The safety alert from the FDA reports two adverse events occurring in the course of clinical investigations using FMT. Two adults, with compromised immune systems, were administered FMT and developed major infections from multi-drug resistant organisms (MDROs) present in the donor stool. One of the two patients subsequently died from the infection.

The FDA reports the donor stool was tested and found positive for extended-spectrum beta-lactamase (ESBL)-producing Escherichia coli bacteria. According to a report in The New York Times, the FDA has immediately suspended a number of clinical trials currently underway using FMT until each trial can be shown to have effectively screened for dangerous bacterial organisms.

"While we support this area of scientific discovery, it's important to note that FMT does not come without risk," says Peter Marks, director of the FDA's Center for Biologics Evaluation and Research. "We've become aware of infections with multi-drug resistant organisms after patients received investigational FMT, including one patient death. We therefore want to alert all health care professionals who administer FMT about this potential serious risk so they can inform their patients.
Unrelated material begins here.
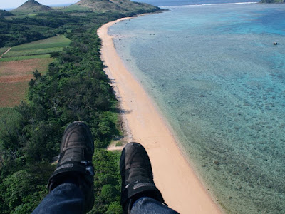 パラグライダー 引き返し、平久保崎付近でパラグライダー。 できるんだ。しかし、予定していた13時30分になっても迎えが来ない。焦り出した時、ボロいワンボックスカーが来た。姿を見て一発で私を把握したようですぐに声をかけて来た。 丁度私の前の客が着陸体制に入っていた。余裕で笑顔で着陸。 すぐに私の番。申込書に記入、誓約書に署名して、あれよあれよという間に着ている服の上からジャケット着て説明受けて離陸体制。緊張する間もなくテイクオフ。 浮いた。飛行機の離陸よりはゆっくり、それでもどんどん陸が遠くなって行く。飛行機に乗ると窓にかじりついてしまう私としては、遮るものの無いこの光景は最高の悦楽。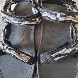 BIG KIDS UNISEX TEVA SANDALS SIZE 3 EUC BLACK GRAY WHITE

Today's safety communication underscores the importance of why new therapies are thoroughly studied to ensure the benefits of taking them outweigh the risks to patients, and we will continue to aggressively monitor clinical trials to ensure patients are protected when safety concerns arise."

No information has been supplied at this stage regarding the specifics of what clinical trial these adverse events occurred in, or who was providing the treatment. However, the FDA has determined specific MDRO testing be implemented in all future FMT investigations, and more detailed discussions with patients over the risks of FMT procedures be instituted during the consent stages in future trials.

As research into the gut microbiome, and fecal transplants, rapidly expands, the FDA alert offers a much needed wake-up call to the dangers of this still relatively unexplored area of medicine. It is a reminder that FMT is not a harmless procedure and should be undertaken with caution under the close oversight of medical professionals.

Source: FDA (1) (2)

Brian M
"with compromised immune systems"
Just the thing put in more bacteria that have resistance, understand the logic of FMT, but in patients with a compromised immune system - really?
Praise 1st: The FMT process is going to improve 10's if not 100's of millions of peoples lives around the world once refined. I also remember 1st read about it, thinking what an ingenious idea and that I would never have though of this transplant process. To those doing this research you have mine and many others praise for doing this work, it's as dirty as it gets with little recognition but it's going to pay off hugely, just like the blood transfusion process has. Negatives: You'd think they would have tested the FMT material for numerous infectious bacteria and viruses, that may be living in the material, before implanting this material into someone else with a weakened digestive system. They do this for blood transplants so why wouldn't you follow the same protocol for Fecal material, it's only numerous times more likely to have dangerous bacteria living in it. My guess is they probably were testing the blood and thought it would tell them if the FM was infected instead of just testing the FM.
Considering that FMT is an increasingly common procedure to restore a gut balance after the flora has been decimated by an onslaught of antibiotics, it makes so much sense that a fecal sample from that person be taken and stored before the antibiotics are administered. In this way they'll be able to re-introduce exactly what the gut had in it afterwards. Any downsides here?
The FDA, always slowing the trials for good research. The fecal transplants have been practiced worldwide to help patients with C Diff. I bet more of this procedures will not only prevent but cure many deceases and that poses a treat to big pharma.. FDA-Big friends.